## Overview

We have a data set involving 70 binary features (1 means question correct, 0 means question was incorrect) corresponding to the 70 question pretest.

We have access to the scores broken down by chapter for the Objective Assessment (the post test), but we will simply predict the overall score on the assessment (the column 'oa all').

Our goal is to use the pre-test to predict the post test score. This will aid in our ability to identify students who could use our outreach and students who are less likely to need any intervention.

We use 6 different models

1. OLS regression using only overall pretest score (baseline)
2. OLS using all 70 features
3. Elastic Net (regularized linear regression)
4. RandomForest
5. XGBoost

After performing randomized hyperparameter optimization, the Elastic Net and XGBoost models performed with similar mean squared error. 

In [145]:
import pandas as pd
from sklearn.model_selection import train_test_split
from sklearn.metrics import mean_squared_error

In [340]:
col_names = ['pa'+str(i+1) for i in range(70)]+['oa all']+['oa m'+str(i+1) for i in range(7)]
pa_cols = ['pa'+str(i+1) for i in range(70)]

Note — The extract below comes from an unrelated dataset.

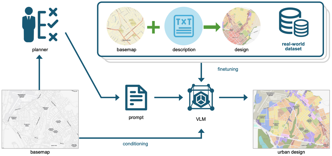 该框架利用视觉大模型(VLM)将抽象的文本概念转化为具体的、可视化的城市设计方案。规划师可以通过文本指令(Prompt)精确描述规划概念和约束条件,经过城市设计数据微调的VLM能够生成精细的视觉输出,如土地利用布局、建筑轮廓,甚至是逼真的三维城市场景,同时还能确保设计符合地理等现实约束。

df = pd.read_csv('results-clean.csv',header=None)
df.columns = col_names

df.head(5)

Unnamed: 0,pa1,pa2,pa3,pa4,pa5,pa6,pa7,pa8,pa9,pa10,...,pa69,pa70,oa all,oa m1,oa m2,oa m3,oa m4,oa m5,oa m6,oa m7
0,1,1,1,1,1,1,1,1,1,1,...,1,1,84,100,100,100,82,82,76,72
1,1,1,1,1,1,1,1,1,1,1,...,1,1,81,86,100,100,82,76,88,59
2,1,1,1,1,1,1,1,1,1,1,...,1,1,84,100,100,100,82,82,76,72
3,1,1,1,1,1,1,1,1,1,1,...,1,1,81,86,100,100,82,76,88,59
4,1,1,1,1,1,1,1,1,1,1,...,1,1,91,100,100,100,100,88,100,72


# model 1: linear model using only overall preassessment score

This is essentially what we were looking at before this project - just using the overall score to predict their score on the assessment.

In [196]:
from sklearn.linear_model import LinearRegression

# sum rows of preassessment columns to get overall preassessment score
X = df[pa_cols].sum(axis=1).values.reshape(-1,1)
y = df['oa all']
X_train, X_test, y_train, y_test = train_test_split(X, y, test_size=0.3, random_state=222)

model = LinearRegression()
model.fit(X_train,y_train)

y_pred = model.predict(X_test)

print('train mse:',mean_squared_error(y_train,model.predict(X_train)))
print('test mse:',mean_squared_error(y_test,y_pred))

train mse: 39.805317660468056
test mse: 39.2636433005649


# model 2: linear models using all features

In [217]:
from sklearn.linear_model import LinearRegression

# keep all 70 columns of preassessment
X = df[pa_cols].values
y = df['oa all']
X_train, X_test, y_train, y_test = train_test_split(X, y, test_size=0.3, random_state=222)

model = LinearRegression()
model.fit(X_train,y_train)
y_pred = model.predict(X_test)
print('train mse:',mean_squared_error(y_train,model.predict(X_train)))
print('test mse:',mean_squared_error(y_test,y_pred))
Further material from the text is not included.